**Activity**
With the pictures set aside, return the lines below exactly, beginning at the first and ending at the line containing "two hearts and".

**Input records**

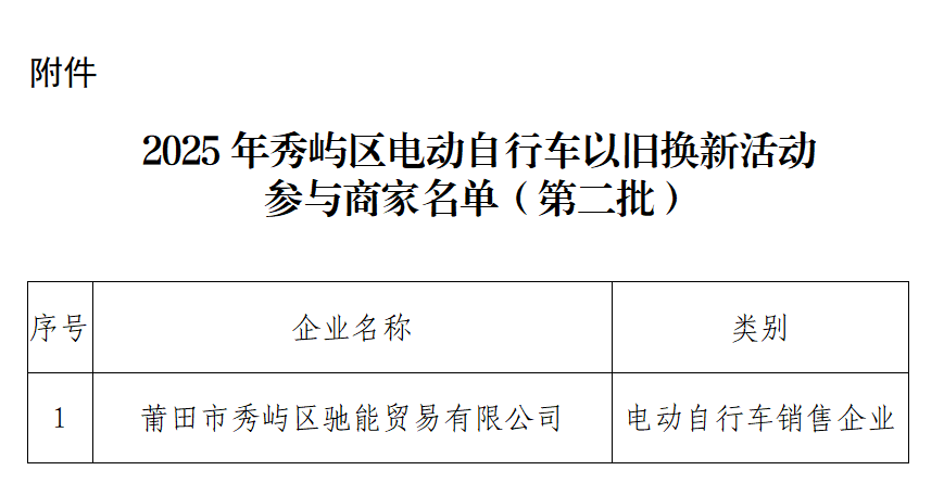 根据国家、省、市关于做好2025年消费品以旧换新相关工作部署以及根据《福建省商务厅等8部门关于印发<福建省2025年电动自行车以旧换新补贴实施细则>的通知》(闽商务规〔2025〕5号)等文件要求,经商家报名提交材料参加“补贴立减”模式及我单位审核通过,现公布2025年秀屿区第二批符合条件的电动自行车活动参与商家名单(见附件)。按照相关要求,活动商家须具备与服务机构进行系统对接的能力,故实际活动商家及门店以活动平台公开的活动门店为准。 附件:2025年秀屿区电动自行车以旧换新活动参与商家名单(第二批) 秀屿区商务局 2025年10月17日
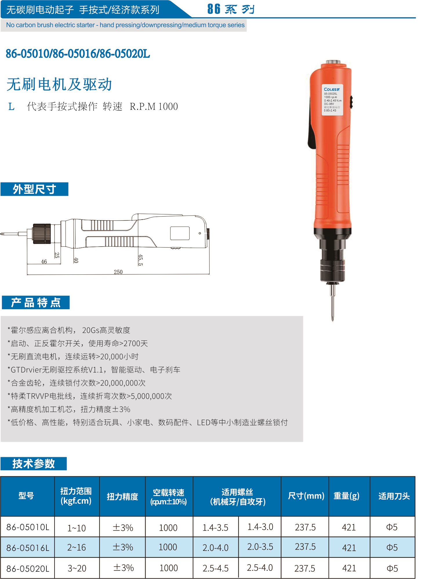 86系列-无刷电动起子-手按式经济款
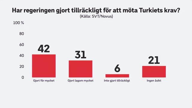 调查显示,42%的人认为政府为安抚土耳其做得太多了,认为做得还不够的人只有6% / SVT
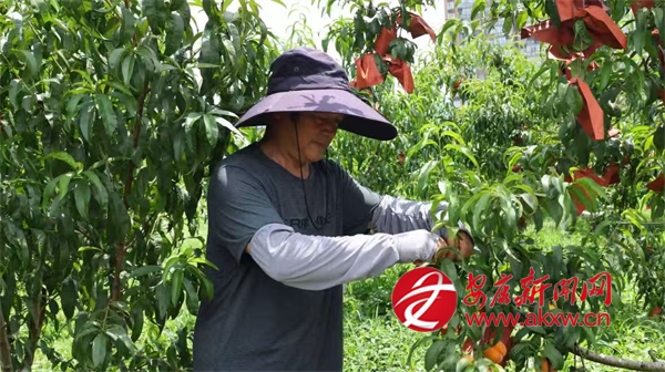 同樣迎來收獲的還有城關(guān)鎮(zhèn)的黃桃,在城關(guān)鎮(zhèn)龍嶺村的黃桃種植基地,連片的桃樹郁郁蔥蔥,金燦燦的黃桃壓彎了枝條,空氣中彌漫著誘人的桃香?;刎撠熑藙⒑暾χ烧樕涎笠缰鵂N爛的笑容,他一邊采摘一邊介紹道:“我們這個桃園有金鳳黃桃、黃金黃桃、秋彤桃和冬桃四個品種,一共有9畝多,從6月中旬到10月左右,陸續(xù)都有成熟的桃子?!?/p>
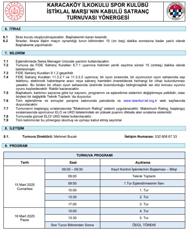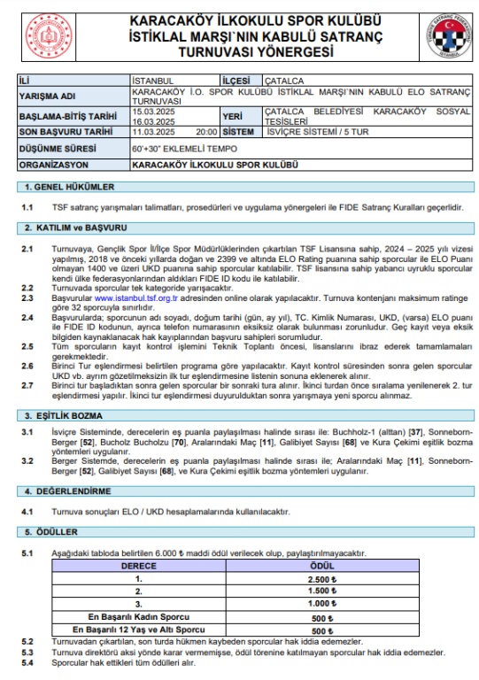 Okulumuz Çatalca Karacaköy İlk Ve Ortaokulu Spor Kulübü tarafından, Okul Aile Birliğimizin katkılarıyla 15.03.2025 - 16.03.2025 tarihlerinde İstiklal Marşı'mızın kabulü adına satranç turnuvası düzenlenecektir.
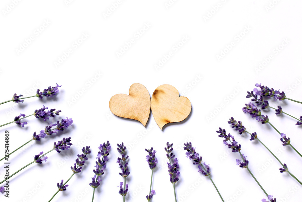 two hearts and flowers of lavender on a light background top view. romantic flavor of love
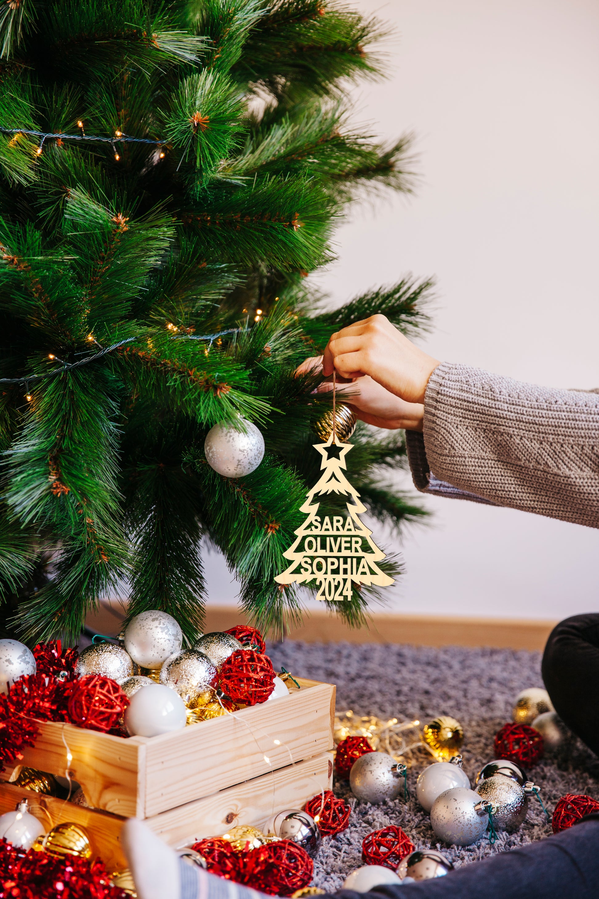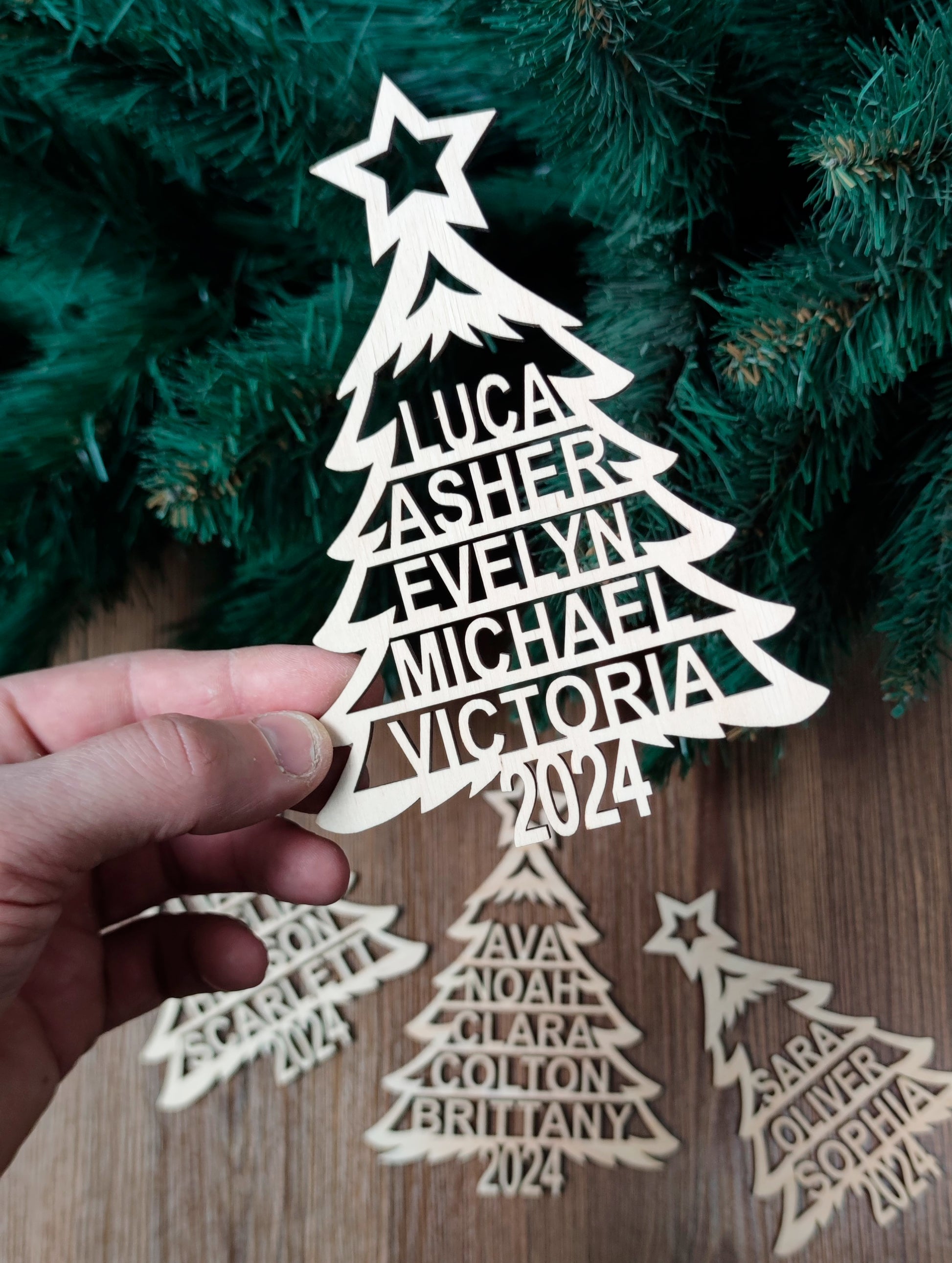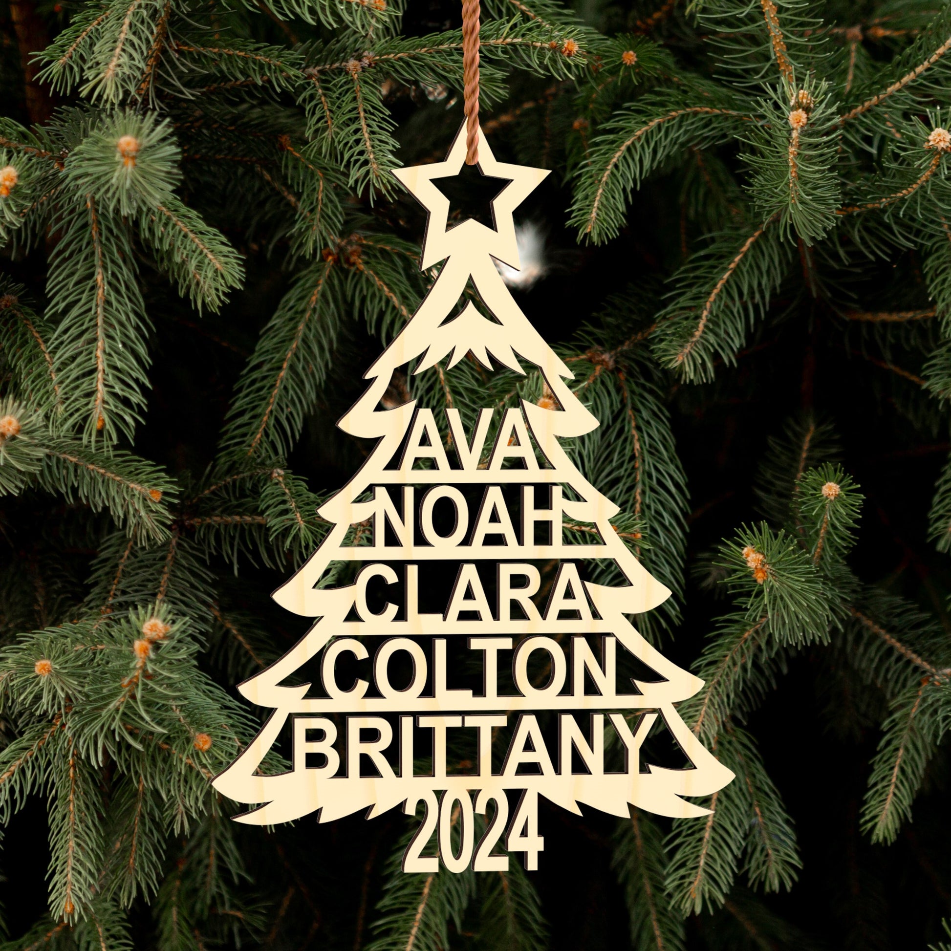 Family Christmas Ornaments 2024 Up to 8 Names Wooden Personalized Ornaments with Names

**Answer box**
 根据国家、省、市关于做好2025年消费品以旧换新相关工作部署以及根据《福建省商务厅等8部门关于印发<福建省2025年电动自行车以旧换新补贴实施细则>的通知》(闽商务规〔2025〕5号)等文件要求,经商家报名提交材料参加“补贴立减”模式及我单位审核通过,现公布2025年秀屿区第二批符合条件的电动自行车活动参与商家名单(见附件)。按照相关要求,活动商家须具备与服务机构进行系统对接的能力,故实际活动商家及门店以活动平台公开的活动门店为准。 附件:2025年秀屿区电动自行车以旧换新活动参与商家名单(第二批) 秀屿区商务局 2025年10月17日
 86系列-无刷电动起子-手按式经济款
 调查显示,42%的人认为政府为安抚土耳其做得太多了,认为做得还不够的人只有6% / SVT
 同樣迎來收獲的還有城關(guān)鎮(zhèn)的黃桃,在城關(guān)鎮(zhèn)龍嶺村的黃桃種植基地,連片的桃樹郁郁蔥蔥,金燦燦的黃桃壓彎了枝條,空氣中彌漫著誘人的桃香?;刎撠熑藙⒑暾χ烧樕涎笠缰鵂N爛的笑容,他一邊采摘一邊介紹道:“我們這個桃園有金鳳黃桃、黃金黃桃、秋彤桃和冬桃四個品種,一共有9畝多,從6月中旬到10月左右,陸續(xù)都有成熟的桃子?!?/p>
 Okulumuz Çatalca Karacaköy İlk Ve Ortaokulu Spor Kulübü tarafından, Okul Aile Birliğimizin katkılarıyla 15.03.2025 - 16.03.2025 tarihlerinde İstiklal Marşı'mızın kabulü adına satranç turnuvası düzenlenecektir.
 two hearts and flowers of lavender on a light background top view. romantic flavor of love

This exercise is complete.